170 Zeugen sollen gehört werden
Drei Säle standen wegen des hohen Andrangs bereit, einer davon ein Zelt. 59 Menschen müssen sich für das Unglück verantworten. Die Anklage will mehr als 170 Zeugen hören. Außerdem sind weit über 300 Zivilkläger zugelassen, und weitere könnten noch folgen.
"Nach fast vier Jahren Warten haben wir große Erwartungen", sagte Possetti. "Wir haben die Erwartung, dass dieser Prozess Gerechtigkeit bringt, dass er Klarheit über die Gründe und Verantwortlichkeit schafft, die zur Tötung unserer Angehörigen geführt haben, denn ansonsten wird der Tod unserer Lieben unnütz sein, und sie werden nicht in Frieden ruhen können."
Beobachter gehen davon aus, dass erste Urteile womöglich erst in zwei Jahren feststehen. Angeklagt sind unter anderem Fachleute und ehemalige Führungskräfte der Firma, die für die Wartungsarbeiten zuständig war, sowie Ex-Mitarbeiter des Infrastruktur-Ministeriums und Behörden-Funktionäre. Ihnen werden etwa mehrfache fahrlässige Tötung, Amtsmissbrauch und Unterlassung vorgeworfen. Zwei Unternehmen - die Wartungsfirma und der Autobahnbetreiber - konnten vor dem Prozess eine Zahlung von rund 30 Millionen Euro aushandeln und befinden sich deshalb nicht unter Anklage.

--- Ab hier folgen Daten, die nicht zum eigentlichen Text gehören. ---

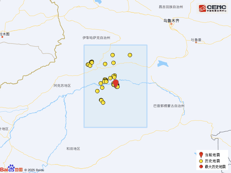历史地震:根据中国地震台网速报目录,震中周边200公里内近5年来发生3级以上地震共523次,最大地震是2023年1月30日在新疆阿克苏地区沙雅县发生的6.1级地震(距离本次震中179公里),按震级大小前50次历史地震分布如图。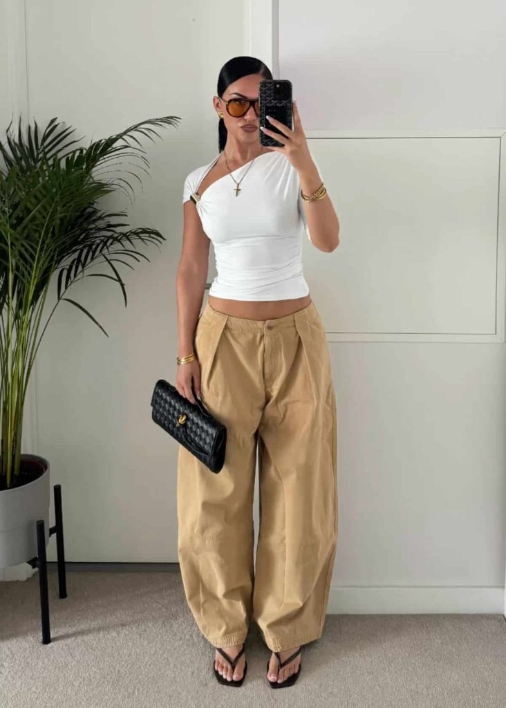 The volume on the pants gives effortless cool, but grounding it with a sleek flip-flop and structured clutch keeps it intentional, not lazy.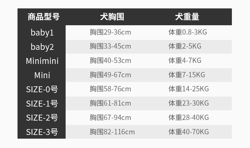 | Применимый размер: | Size0 весит 14-25 кг, Размер 1 вес 23-30 кг, Размер 2 вес 28-40 кг, Размер3 весит 40-70 кг |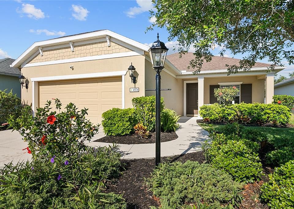 NEW UPDATES: All new interior paint in a gorgeous gray color in main living area, hallway and guest bath between secondary bedrooms. Also BRAND NEW granite in kitchen, new kitchen sink and faucet, see updated photos! This open-concept home features 3 Bedrooms PLUS A DEN with solid double doors that can also be used as an additional guest room, plus 2.5 Baths! As you approach this home, you’ll be greeted by the charming front porch with plenty of room for outdoor seating. Step inside the large foyer and notice the soaring ceilings. To the right is your spacious Den with wood floors and solid double doors for privacy, whether you use it as an office, playroom or an additional guest room. Next, you’ll step into the open Great Room, with tray ceilings and abundant light. The kitchen has beautiful granite countertops, warm cabinet colors, subway tile backsplash, a walk-in pantry and the oversized island has plenty of room to pull up your barstools and be able to entertain your guests, as well as pendant lighting. The stainless-steel appliances include a gas range with griddle, microwave, refrigerator, dishwasher. You also have a separate breakfast nook, a second pantry storage area and a half bath. On the left wing of the home towards the back, you’ll find the Primary Suite which is oversized and has 2 closets, and a spacious Primary Bathroom with walk-in shower and two separate vanities. Situated past the Great Room on the left wing of the home are two more bedrooms as well as a full bath and a very spacious laundry room with soaking sink! If you’re desiring a sunny outdoor area, you found the right home! This beautifully upgraded pavered lanai has been extended and screened in so you can enjoy the sunny outdoors or sit in the shade under the covered porch, and enjoy grilling on your BBQ where the gas is pre-plumbed for your convenience. Both neighbors on each side have fenced yards so it would be easy to adjoin them if you choose to have a fenced yard of your own! The GATED community of Woodbrook is truly located convenient to all the shopping and restaurants you could possibly need! Also easy proximity to the interstate for the commuters and quick access to Downtown Sarasota and beaches. Flood zone X so no flood insurance required! The community also offers a beautiful pool, spa, BBQ kitchen area with shaded seating plus a playground. No CDD fees is an added bonus! Schedule your showing today as this home is priced aggressively for a quick sale!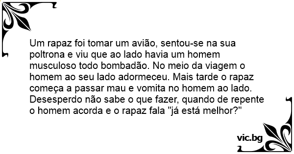 Um rapaz foi tomar um avião, sentou-se na sua poltrona e viu que ao lado havia um homem musculoso todo bombadão. No meio da viagem o homem ao seu lado adormeceu. Mais tarde o rapaz começa a passar mau e vomita no homem ao lado. Desesperdo não sabe o que fazer, quando de repente o homem acorda e o rapaz fala "já está melhor?"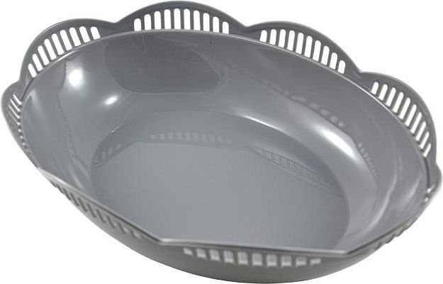 Opis koszyka: wykonany z połyskującego tworzywa sztucznego, jest lekki, owalny kształt koszyka stwarza więcej możliwości jego wykorzystania, ażurowe wykończenie u góry dodaje mu lekkości, plastikowa konstrukcja koszyka ułatwia jego mycie, jest łatwy do utrzymania w czystości, sprawdzi się jako koszyk na owoce, warzywa do spiżarni, po wyłożeniu wnętrza ściereczką lub serwetką może służyć jako koszyk na chleb, bułki i inne pieczywo, w przeciwieństwie do koszyków metalowych jest odporny na wilgoć, może służyć jako półmisek do rozmrażania, kuweta do płukania owoców, warzyw lub pojemnik na drobiazgi, gdyż nie posiada otworów jak np. koszyki wiklinowe, dostępny w atrakcyjnych kolorach: różowym, beżowym, szarym, turkusowym. Wymiary: Długość - 33 cm Szerokość - 23 cm Wysokość - 8,5 cm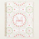 Um planejador de mandala cor-de-rosa floral na moda. Personalizado Personalizado com nome e inicial do monograma bonito. Mandala com flores bonito. Um design fofo e personalizado. Faz um presente maravilhoso. Este design cor-de-rosa-rosa branco tangente a mandalas florais apresenta uma geometria geométrica sagrada, design de meditação de chakra espiritual com um monograma, elegante roteiro, um excelente moderno, rosa-pincel, simples ideia de presente.

Hunderte Menschen wurden obdachlos
"Ich glaube, alle wünschen sich, Gewissheit über die Wahrheit haben zu können", sagte der Anwalt Giovanni Accinni, der einen beschuldigten Ex-Funktionär des Autobahnbetreibers vertritt. "Heute fangen wir an, über Tatsachen zu sprechen, außerhalb eines medienwirksamen, verfälschten und verdrehten Prozesses, der seit Beginn den Grund für den Einsturz nicht beachtete", erklärte sein Anwaltskollege Guido Carlo Alleva. Er verwies auf den Bericht der Gutachter, wonach die Brücke Baumängel gehabt haben soll.

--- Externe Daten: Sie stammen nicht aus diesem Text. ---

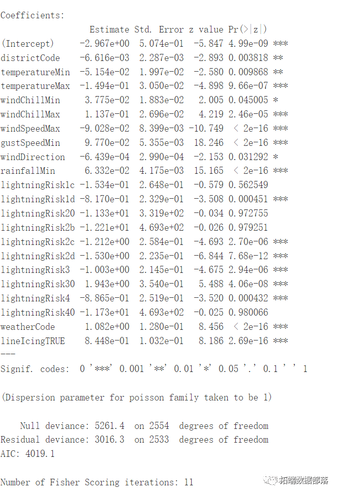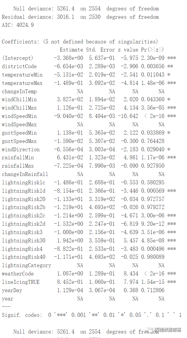 从逻辑回归结果来看,模型中部分自变量对因变量的影响较为明显,达到了0.01的显著性水平,具有一定的理论意义。然而从AIC的值来看,达到了4024.881,数值较大,说明模型的拟合度较差,有进一步改进的空间。一般认为计算条件数kappa(X),k<100,说明共线性程度小,如果1001000,存在严重的多重共线性。从结果来看,kappa值远远大于1000,因此判断该模型存在严重的共线性问题,即线性回归模型中的解释变量之间由于存在精确相关关系或高度相关关系而使模型估计失真或难以估计准确。changintemp,changinrainfall,windspeedmin,lightningcategory ,rainfallMax之间存在较高的相关关系会对模型的拟合失真并且难以用以估计和预测,因此,删掉这些变量后重新对模型进行拟合。删除部分共线性程度高的变量后可以看到模型的AIC降低了,因此,模型的拟合程度提高了。大部分样本的cook’ distance距离在正常范围内,392,624,622号样本的cook’ distance较大,可能会对模型产生较大的影响。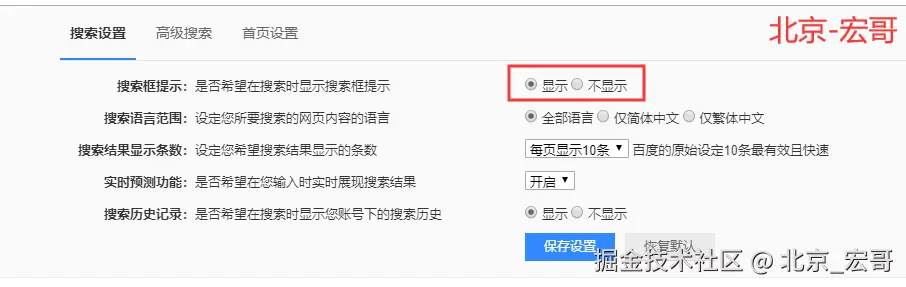 利用百度搜索设置页面两个单选按钮举例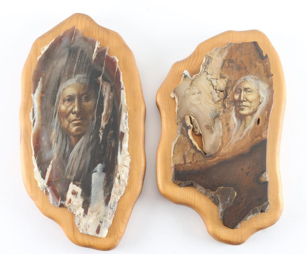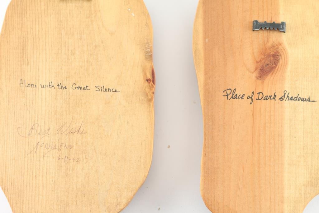 By artist "Norma Mean" dated 1992 , mounted on wood base. Both Measuring 7x3.5 in good condition. Nicely done.

Nach dem Einsturz 2018 wurden Hunderte Menschen, die unter dem Viadukt wohnten, obdachlos. Als Grund für den Zusammenbruch werden Schäden vermutet, die wegen ausgebliebener oder mangelhafter Wartungsarbeiten nicht entdeckt wurden. An der Stelle wurde später eine neue Brücke über den Bach Polcevera gebaut, die im August 2020 unter dem Namen San-Giorgio-Brücke eingeweiht wurde.